Originally released in 1951, Michael Powell (1905–1990) and Emeric Pressburger (1902–1988) wrote and directed this cinematic dazzler. Powell and Pressburger are the creative team behind The Red Shoes; they have employed some of the same players for this effort. The film is based on the 1881 opera by Jacques Offenbach (1819–1880), which had its first performance posthumously.
Gathered at Luther’s Tavern, Hoffmann tells three tales of his lost loves to his drinking and smoking pals. At the same time, he yearns for Stella, a prima ballerina, the present object of his affection. Unlike other principal roles, American tenor Robert Rounseville acted and sang the role of Hoffmann; all other singing was dubbed, using the voices of trained opera singers.
The voices are top-notch, with the French libretto translated into English. Mon dieu, Mr. McMullin would blanch! It is the vivid colors, textures, and highly stylized sets and costumes that intoxicated this viewer. Hein Heckroth’s art direction and set decoration were nominated for Academy Awards. This was long before digital technology became commonplace, yet Heckroth created visual miracles. Hoffmann’s first love is told of in his tale about Olympia. As a young man, Hoffmann falls in love with a cleverly crafted doll who dances like a dream. The ballet sequences, featuring Moira Shearer as Olympia, are outstanding. When the doll’s creators rip her to pieces, Heckroth’s inventiveness is on full display.

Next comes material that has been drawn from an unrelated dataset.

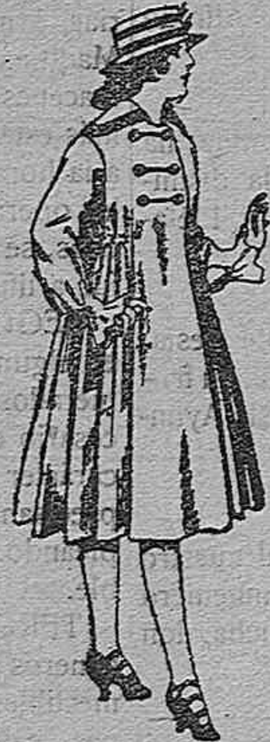
Abrigos de patén para jovencitas de 11 a 15 años. De pts. 35 a 50.

Director and film historian Martin Scorsese introduces the movie. He relates his own fascination with the movie from his youth, when he saw it in black and white on his home television with commercial interruptions. He was among several who oversaw the restoration of The Tales of Hoffmann. Together with Warner Brothers Motion Picture Imaging (MPI) and colorist Ray Grabowski they have brought this gorgeous film to a 21st audience. During the restoration process sequences from Act 3 were discovered; those and the epilogue have been restored with this print.